Brief —
Could you set down the lines from the first line of the entries below through the line with "Přenosný Bluetooth reproduktor", exactly and with no pictures?

_____

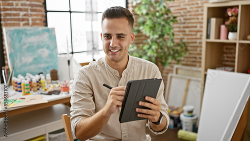 A smiling hispanic man works with a digital tablet in an artistically cluttered studio, exemplifying creativity and modern artistry.
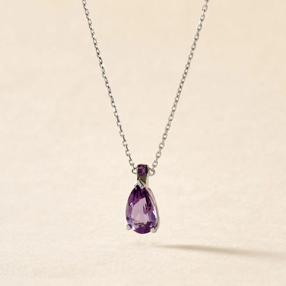Collier Or Blanc 375/1000 Maille Forçat Améthyste Poire Serti Griffes 40cm
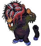 蠕虫头(逃跑型),7级变异体 生命值:480,耐力:8 攻击:10,防御:10,球体:10,公牛防御:10,敏捷:10,幸运:10 弱点:【挥砍】【火焰】【酸液】 抗性:【血肉】 备注:若3回合内未被击败则会逃跑。使用作弊/测试时,将在3回合后导致游戏结束,类似与感染的尤金战斗的机制。
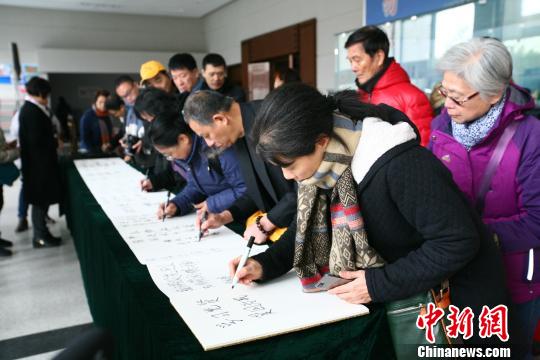 他们在甲午战争陈列馆尾厅题词留念。 杨强 摄
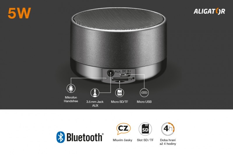 Přenosný Bluetooth reproduktor s výkonem 5W, micro SD, AUX a funkcí Handsfree s hlasovým menu v ČESKÉM JAZYCE!!!
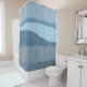 This shower curtain features abstract bands of blue and gray, resembling a coastal or beachy horizon. Perfect addition to a beach or blue theme room.
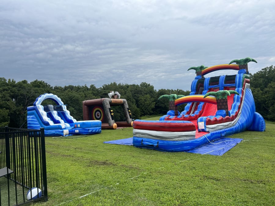 It allows you to pair together a large slide, small slide or combo, along with one of our games! This package also includes generators to power all inflatables included.
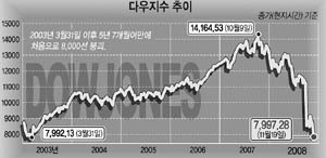 이날 뉴욕증권거래소(NYSE)에서 다우존스 산업평균지수는 전날보다 427.47포인트(5.07%) 내린 7,997.28에 거래를 마쳤다. 다우지수는 이달과 10월에도 장중에 8,000선이 무너진 적은 있지만 종가로 밑돈 것은 2003년 3월31일 이후 5년 7개월여만에 처음이다.
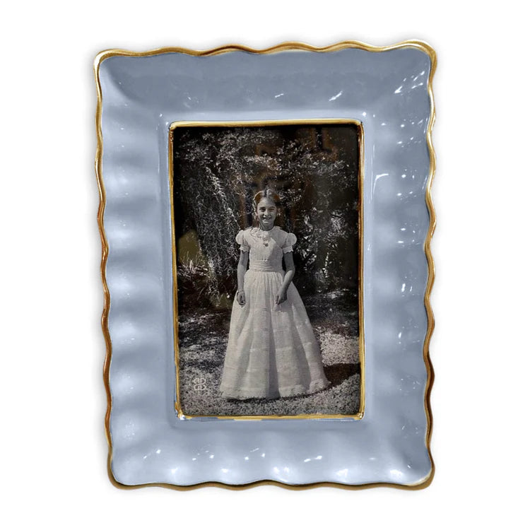 Beatriz Ball's FRAME Encanto Devon 4 x 6 (Periwinkle) is positively alive with scalloped texture and form, strikingly presented in colorfully enameled metal rimmed in gold. With an enchantingly tailored shape, the frame is ideal for displaying your favorite 4x6 photo in ENCANTO Devon style. Of heirloom quality, this frame may be displayed vertically or horizontally, and makes a perfect gift for any occassion. This handsome enameled frame will add a distinctive decorative touch to any room and will be cherished for years to come.
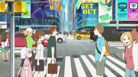 Kanna visits Times Square. Wait one second… I won’t spoil it. There’s a joke building here. Ah. How will Kanna handle money and the language barrier? Hot dog guy has a squirrely Aussie accent. The other American voices have terrible Japanese accents. Dragons are amazing! Kanna learned English! Too bad we can’t hear what her terrible American accent would sound like. I’m mildly curious to see how the dubbed Dragon Maid episode handles this episode, but not that curious. The language situation sorted itself, but the yen problem didn’t.
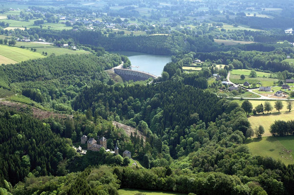 It is situated in the heart of a dense forest on the edge of the Hautes-Fagnes (High Moors) and its origins go far back into the middle-ages. It looms up proudly in a surrounding of hills, on a rocky peak that overlooks a narrow and deep gorge into which the River Warche flows.
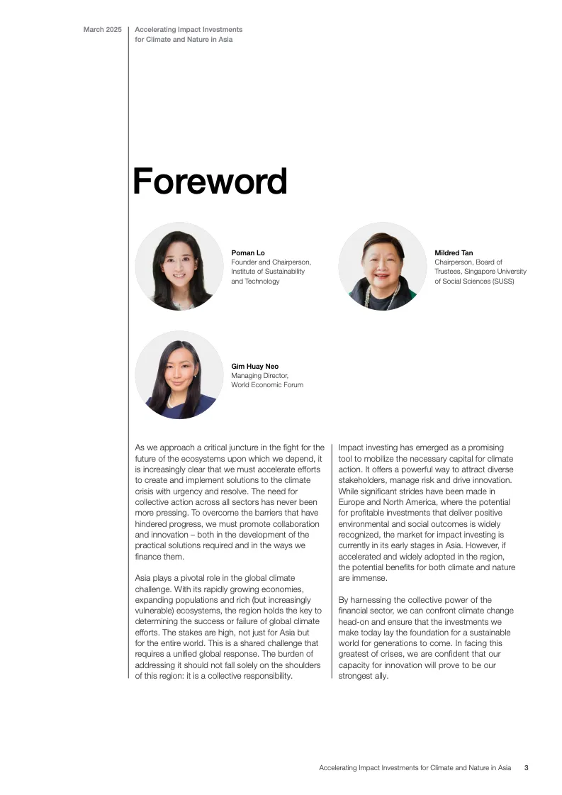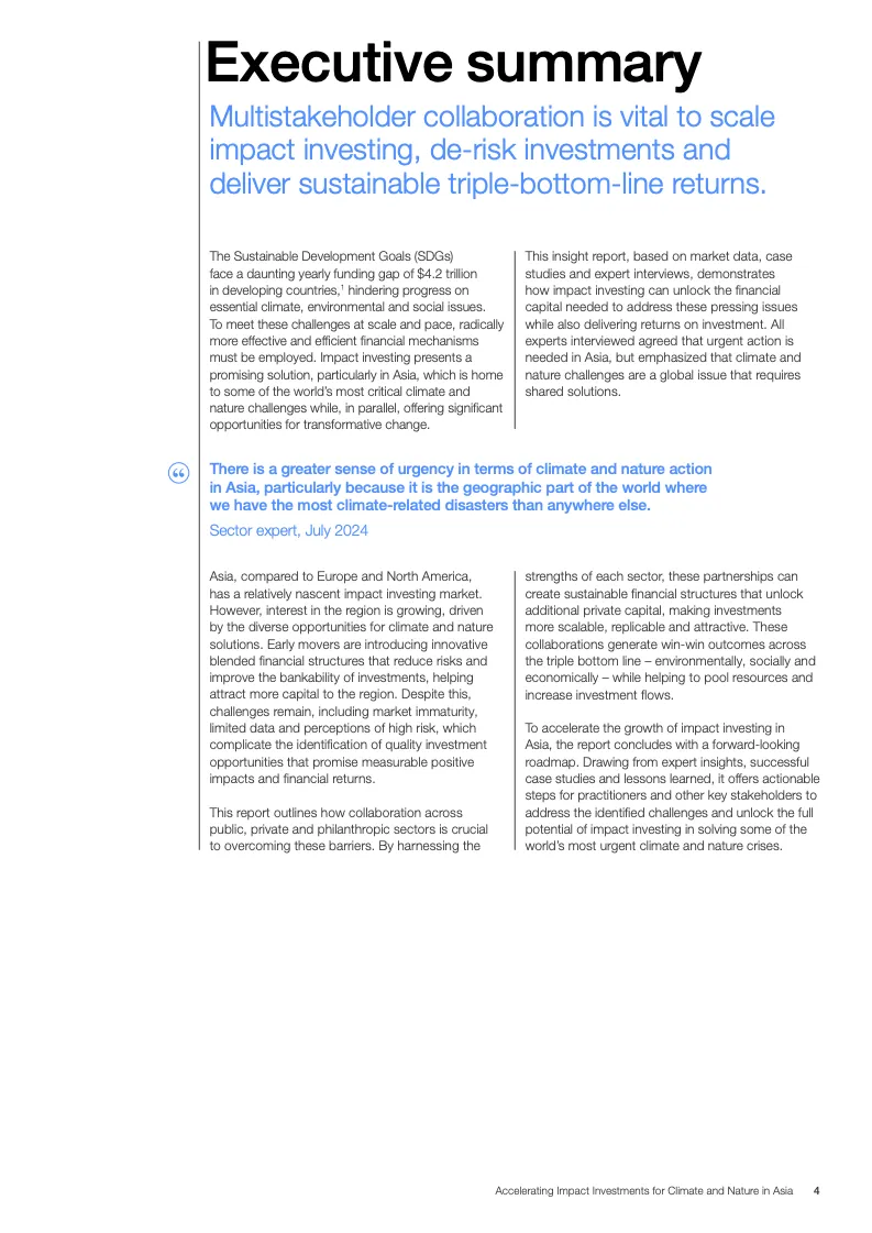 报告基于市场数据、案例研究和专家访谈,揭示了影响力投资如何撬动所需资金以应对紧迫议题,同时保障投资回报。受访专家一致认为亚洲需立即行动,但强调气候与生态挑战是需要全球共同解决方案的议题。

_____

Task answer —
 A smiling hispanic man works with a digital tablet in an artistically cluttered studio, exemplifying creativity and modern artistry.
Collier Or Blanc 375/1000 Maille Forçat Améthyste Poire Serti Griffes 40cm
 蠕虫头(逃跑型),7级变异体 生命值:480,耐力:8 攻击:10,防御:10,球体:10,公牛防御:10,敏捷:10,幸运:10 弱点:【挥砍】【火焰】【酸液】 抗性:【血肉】 备注:若3回合内未被击败则会逃跑。使用作弊/测试时,将在3回合后导致游戏结束,类似与感染的尤金战斗的机制。
 他们在甲午战争陈列馆尾厅题词留念。 杨强 摄
 Přenosný Bluetooth reproduktor s výkonem 5W, micro SD, AUX a funkcí Handsfree s hlasovým menu v ČESKÉM JAZYCE!!!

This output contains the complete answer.